So when you guys put it in the freezer all you do prior to is rinse it out with regular water?


----------



## rockhop (Mar 22, 2006)

I rinse mine with hot tap water then straight in the freezer. Been doing this with the same bladder since '97. Occasionally I'll fill it with hot water and a tspn of dishwasher powder, the type for machines. Rinses clean with no aftertaste.


----------



## 05kas05 (Mar 20, 2010)

when i had my camelbak i would use the denture tablets it worked well and gave it a minty taste at least for the first fill up then it would start tasting like plastic again.i finally switched to an osprey pack mainly just to downsize the bag. the bladder/water tastes so much better and it is still tasting great after a year and a half. i don't think i would use another camelbak but to be fair i have not tried their new bladders yet.


----------



## palerider (Jul 15, 2004)

I would never use bleach, try lemon juice.


----------



## mtbxplorer (Dec 25, 2009)

Shake with a little baking soda (soak if severe), rinse. Drain and then add a couple paper towels inside to remove moisture and keep it "open". Remove and add new towels if needed. Hang with a dry paper towel inside until next use.


----------



## acer66 (Oct 13, 2010)

Mamba13 said:


> I put my camel bak bladder in the freezer after each use.


1+ In all those years I never cleaned a single one while using just water besides before using it for the first time.


----------



## ibadfish (Apr 22, 2012)

Mamba13 said:


> I put my camel bak bladder in the freezer after each use.


I do the exact same. I've been using the same camel back bladder for 3 years. Whatever water I don't finish gets thrown in the freezer. This helps keep the water cold during my ride as well. Best part is you don't have to fuss with cleaning and drying the camel bak. I've only washed mine out once and that was only because I left it in my car for a couple of days and when I first got the camelbak.

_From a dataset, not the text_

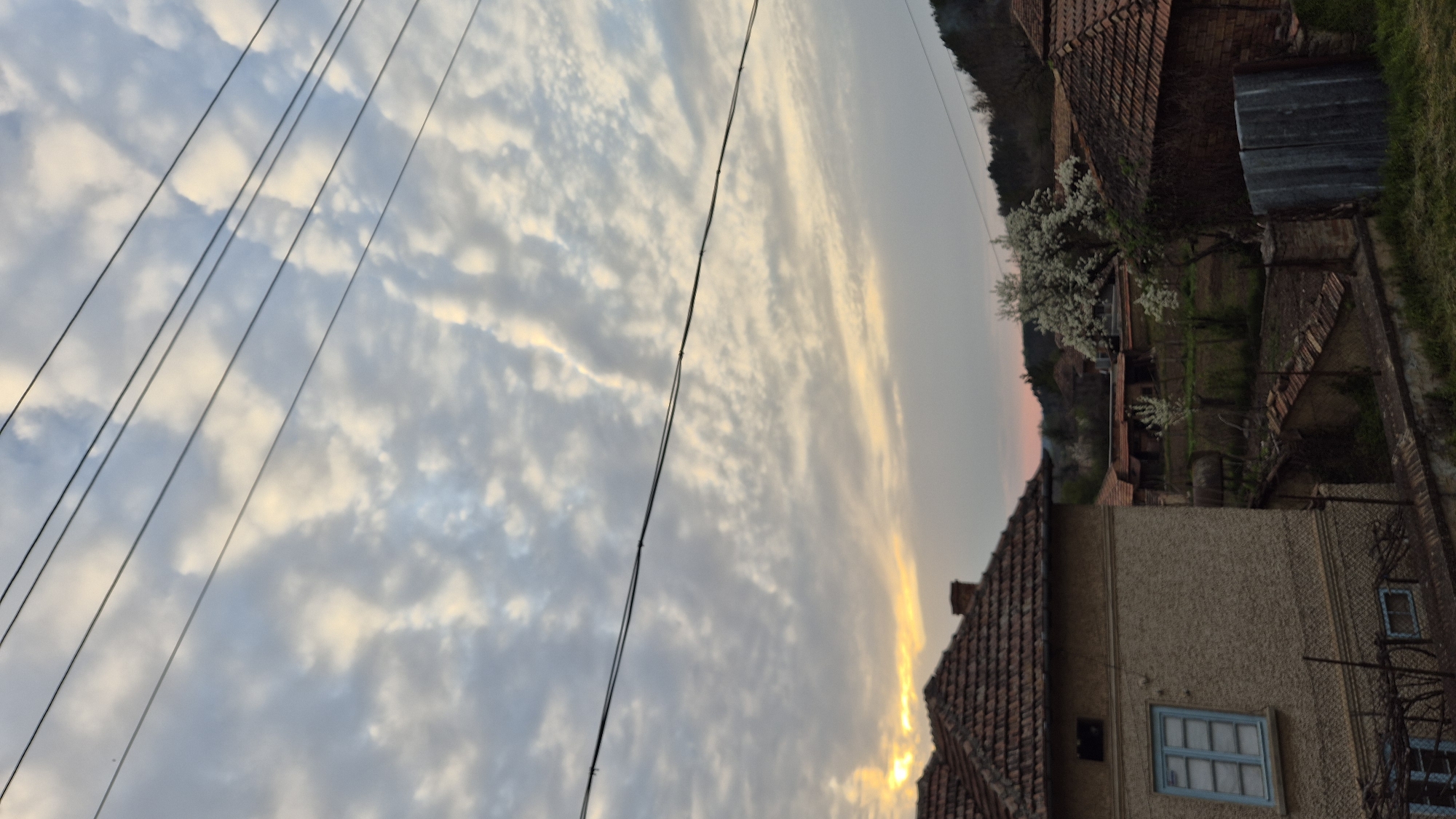 view in Mihaltsi, Bulgaria. Power lines are visible against a sky filled with textured clouds, reflecting the warm light of a setting sun. To the right, a cluster of traditional houses with red-tiled roofs and textured walls are seen. One house displays a blue-framed window. A flowering tree is present. In the background, a tree-covered hill is seen. The houses are interspersed with green vegetation.
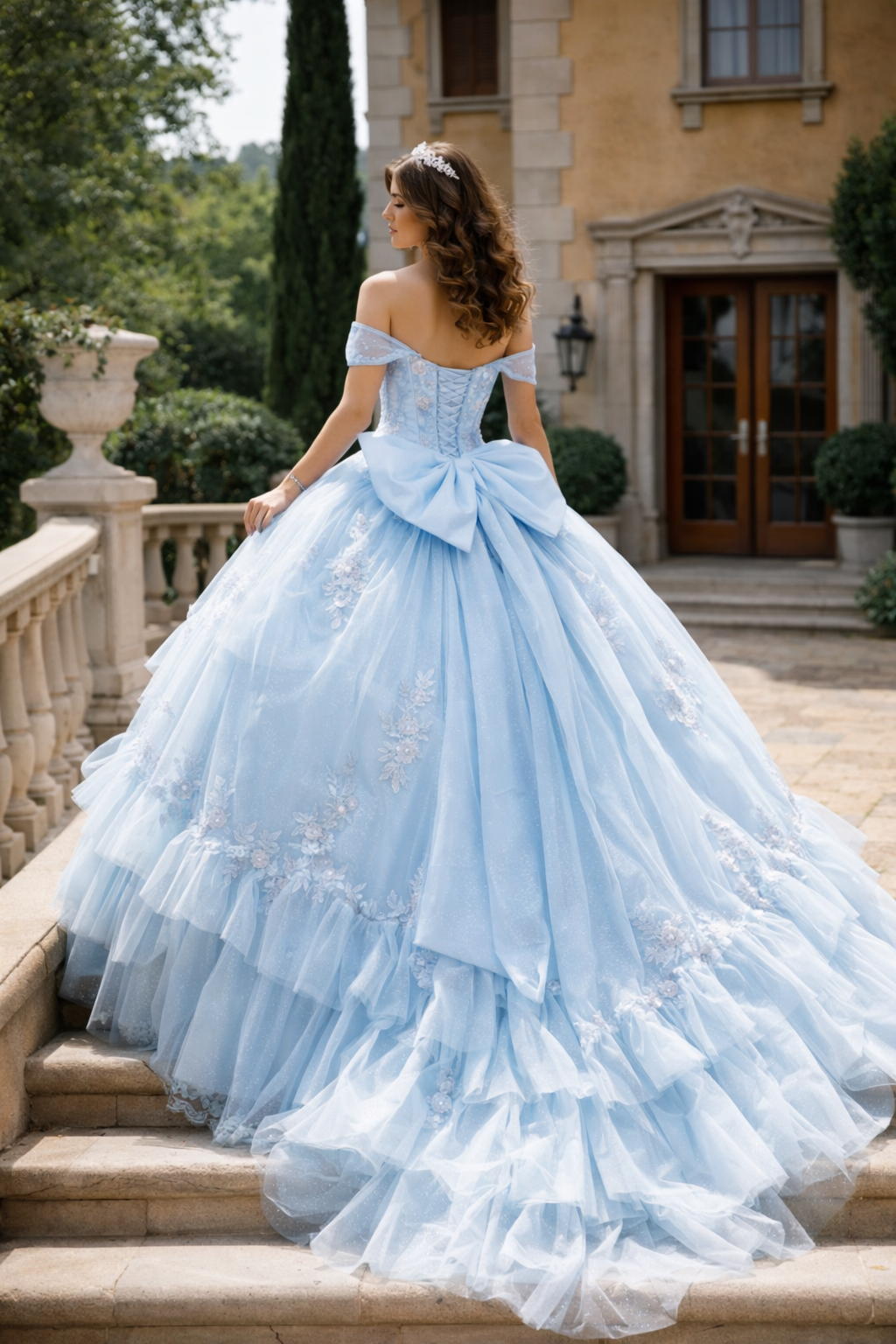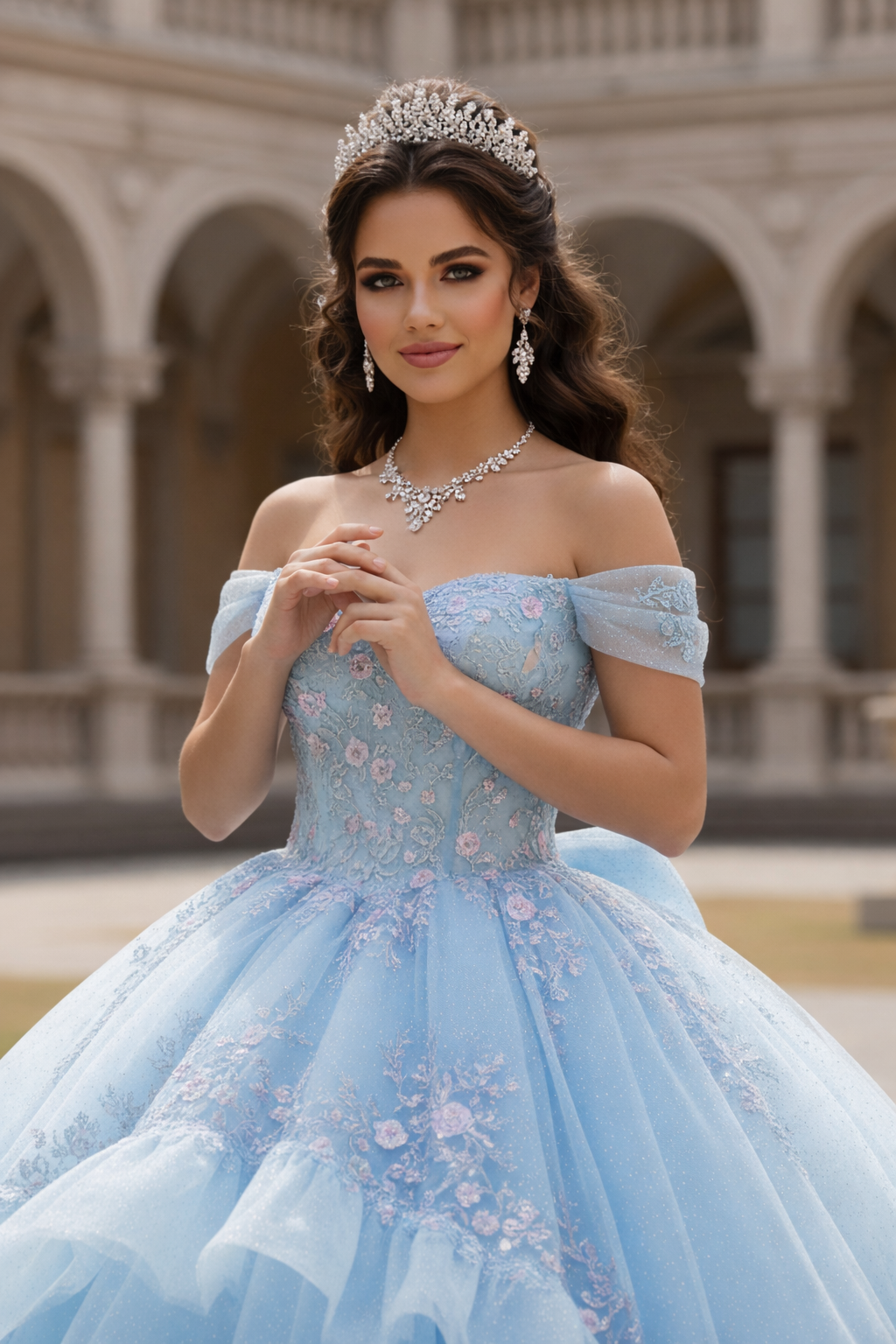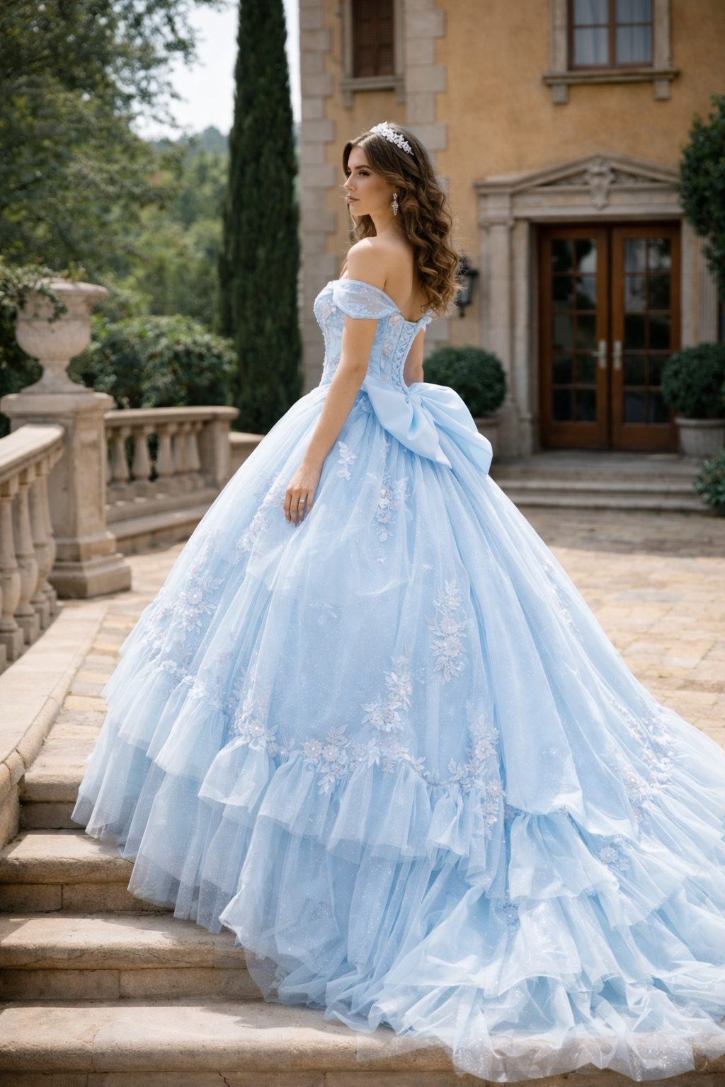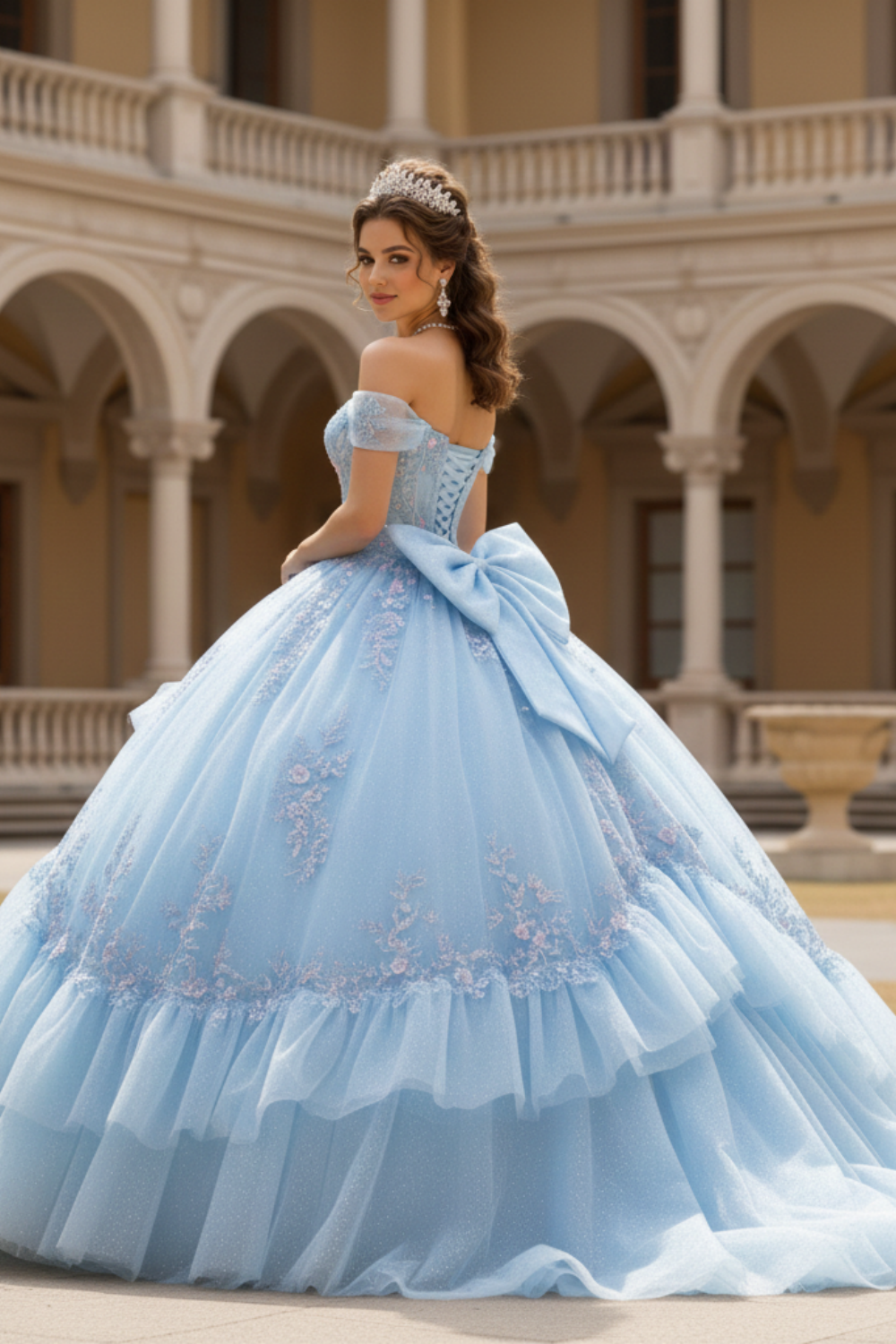 Sky Blue Off-Shoulder Corset Ball Gown with Layered Tulle Skirt – Quinceanera Dresses

Also the carbon filter they sell works really well.


----------



## johnlh (Aug 16, 2008)

I sometimes put Heed or Perpetuem in mine, so it is washed with soap & water after every ride, then hung to dry on a folded up wire coat hanger. If things do get funky, then a simple wash, followed by a soak in bleach water does the trick. A day or so of soaking with a baking soda solution removes the bleach taste.


----------



## leeboh (Aug 5, 2011)

Drain after every ride, and hang on handlebars upside down with tube in to air dry.


----------



## teleken (Jul 22, 2005)

I use a 4-5" piece of stiff foam (like those pool noodles) to keep the bladder spread out so it can air dry.


----------



## jjaguar (Oct 6, 2011)

I usually use water, and most of the time the unfinished portion just goes into the fridge for next time. If I do wash it out, it's with dish soap and water and sometimes a little bleach or white vinegar. I'll stick a wire whisk in it to hold it open and hang it upside down to dry.


----------